- Любимая! Вот ушли наши былые сомнения, исчезли преграды, как дым развеялись границы. Неведомые прежде миры открылись, и непостижимые измерения стали подобны обычной дорожкой к нашему новому дому. Нам остается только ступить на нее и завершить путь туда, где все наполнено заботой и радостью.
- Где нас ожидают Счастье и Любовь!
Эпилог
В конце осени, в изрядный морозец, по заснеженным, еще не разобранным от пожарища московским улицам, неторопливым конным шагом ехали два офицера. Один, в легкой осенней шинели, то и дело поеживался от холода, тогда как его собеседник, одетый в соболью шубу и такого же меха шапку, напротив чувствовал себя чрезвычайно вольготно и вполне наслаждался ядреным русским холодом.
Первым офицером в шинели был никто иной, как начальник фельдъегерского корпуса, подполковник Николай Егорович Касторский. Его спутником в собольей шубе был мало кому известный Александр Христофорович Бенкендорф, ныне являющийся временным комендантом освобожденной Москвы.
Встречавшиеся на дороге мужичье безропотно сходило на обочину и ломало шапки. Некоторые, из самых рьяных, даже вставали на колени и провожали всадников долгими земными поклонами.
- Живо их, Александр Христофорович, взнуздали, - растирая замерзшие щеки, восхищенно заметил Касторский. - Еще неделю тому назад настоящая орда была! Мародеры, беженцы, погорельцы, любопытствующие дурни… Всяк со своим норовом в Москву лез! Теперь совсем другое дело! Одного не пойму, как удалось так быстро управиться?
- Чтобы добиться добродетели, всего-навсего достаточно не злоупотреблять милосердием. - Бенкендорф скривил губы, но, заметив недоумение в лице начальника фельдъегерского корпуса, утвердительно кивнул головой. - Право, больших усилий и не потребуется.
- Однако из жизненных наблюдений хорошо известно, что у строгих помещиков холопы бунтуют и бегут куда чаще, - резонно возразил Касторский. - Оттого многие предпочитают одной рукой бить, а другой миловать.
- Напрасно, ничего стоящего из этого не получится, - Бенкендорф поморщился. - Поверьте, знаю по личному опыту.
На этих словах Касторский замер. Ему показалось, что московский комендант сейчас приведет в пример поступавшего подобным образом императора Павла, чья практика кнута и пряника закончилась, как известно, заговором и удавкой. Но Бенкендорф благоразумно молчал, продолжая презрительно кривить тонкие губы.

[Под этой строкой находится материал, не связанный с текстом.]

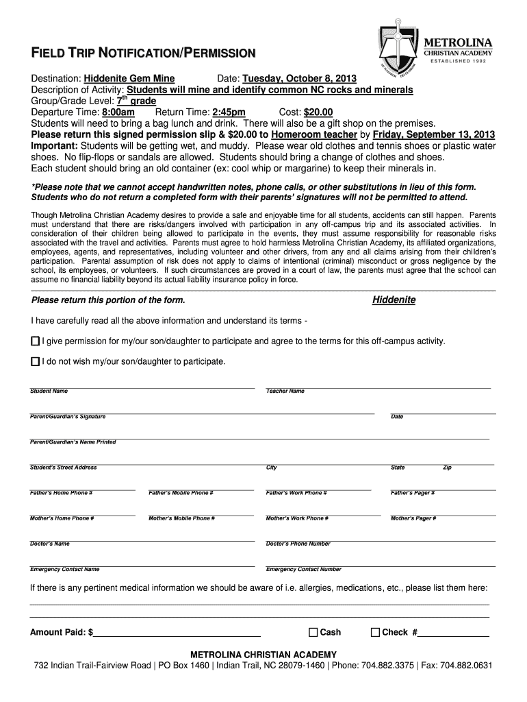 FIELD TRIP NOTIFICATION/PERMISSION Destination: Hidden ite Gem Mine Date: Tuesday, October 8, 2013, Description of Activity: Students will mine and identify common NC rocks and minerals Group/Grade

Прежде, чем поехать на встречу с московским комендантом, Николай Егорович, разумеется, по всем возможным связям попытался вызнать биографию, этого странного, но быстро набирающего влияние человека. Даже обрывочных сведений о Бенкендорфе, вроде тех, что он воспитывался в иезуитском пансионе, был флигель-адъютантом Павла и Александра, а теперь вот стал московским комендантом, заставляли Касторского относиться к нему с чрезвычайной осторожностью и почтением.
Как знать, кем станет после войны этот высокомерный человек с взглядом средневекового инквизитора? Куда вознесет его судьба через десять лет?
Из своего опыта фельдъегерской службы Николай Егорович прекрасно усвоил правило: «Береженого Бог бережет». Потому теперь, промерзнув до костей, предпочел не плюнуть на церемонии и, послав к чертям выскочку-коменданта, отправиться в какое-нибудь уцелевшее здание к горячему чаю с ромом, а безропотно ехал подле новоявленного хозяина первопрестольной.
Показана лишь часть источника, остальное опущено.